The Smelling Machine
The osmoscope measured the intensity of odors using an exponential scale in powers of two. The process works by dilution of the odor by air. This tool was created around 1938, and works by diluting the odor in the air. The device is then inserted into a test tube, and holes in the side of the tube allow air to enter. A sliding jacket is then drawn up the osmoscope to progressively cover the tube and holes in order to create a more intense odor.
The application of the osmoscope to psychology is to test olfactory perception. Once the odor becomes increasingly stronger due to the sliding jacket, the two probes at the end of the osmoscope would be inserted into the nose of a human subject. A small amount of gas would be rapidly passed directly into the olfactory regions, allowing the subject to experience and assess the odor for their experimenter. This osmoscope was used in Pierce Hall at Harvard University up until the 1970s. Today, Pierce Hall is a central building of the John A. Paulson School of Engineering and Applied Sciences.

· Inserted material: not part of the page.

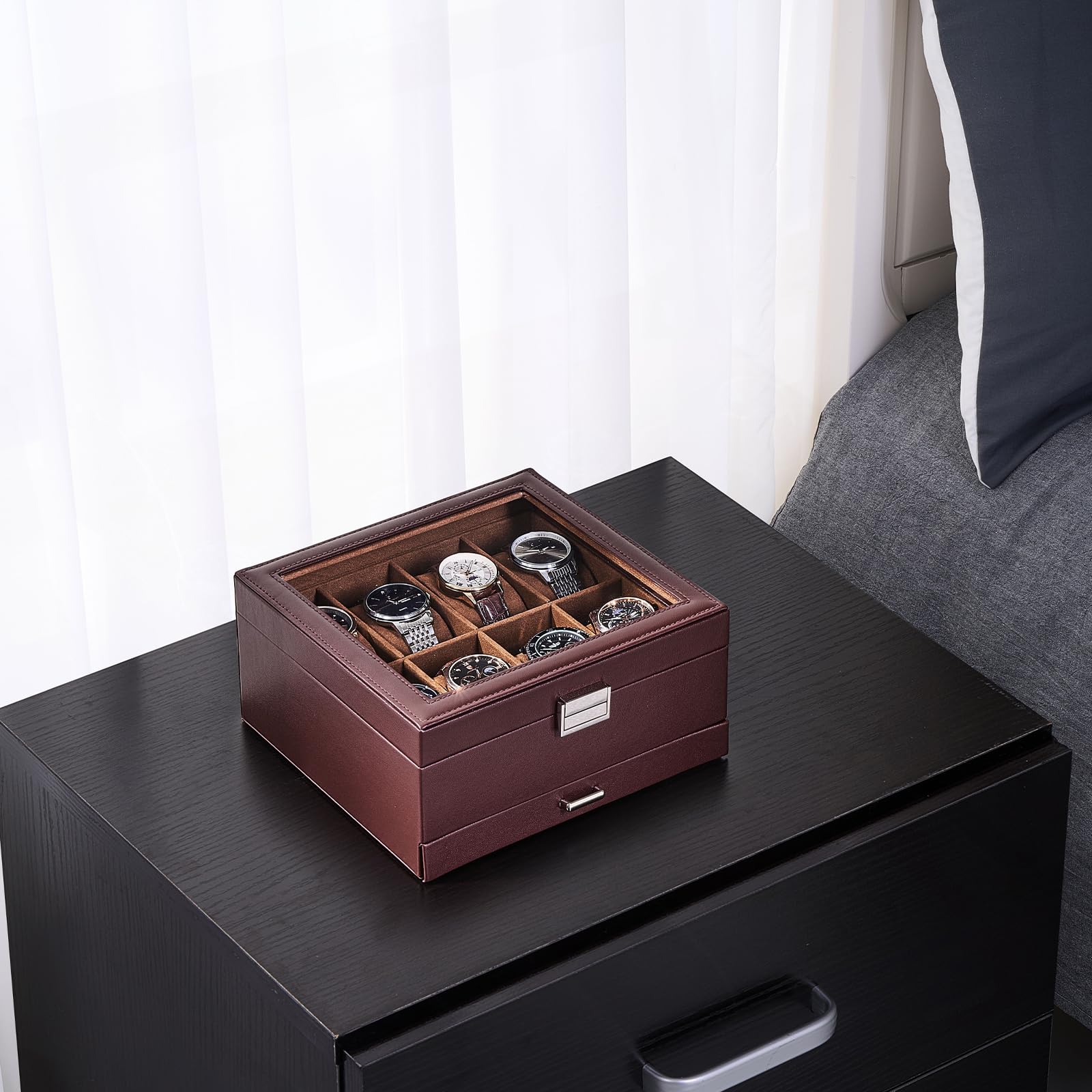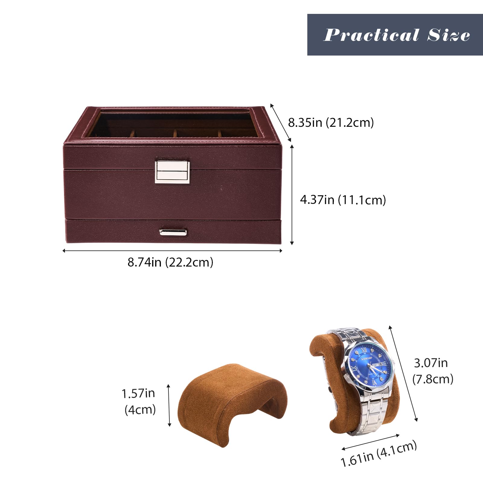 ProCase 腕時計ケース PU製 8本 2段式 ウオッチボックス 男女兼用 収納ボックス アクセサリーケース アクセサリー 収納 ディスプレイ 小物整理 誕生日 記念日プレゼント -エスプレッソ

Collection of Historical Scientific Instruments (1997-1-1960)–ca 1938 (Image osmoscope)
Linda Brown Buck
Linda Brown Buck (born 1947) is an American biologist best known for her work on the olfactory system. She was awarded the 2004 Nobel Prize in Physiology or Medicine, along with Richard Axel, for work on olfactory receptors. In 1991 Buck became an assistant professor of neurobiology at Harvard University where she expanded her knowledge of the nervous system.
In Labs Today…
The Murthy Lab in the Department of Molecular and Cellular Biology, has engineered mice that smell light.
At Harvard Medical School, the Liberles Lab investigates how the olfactory system processes external information. The Datta Lab studies how the brain processes smells, and extends these studies to behavioral understanding of how the brain uses this information to execute behavior. The Wilson Lab uses the fruit fly brain as a model to study how neural computations in the brain influence the integration of sensory information.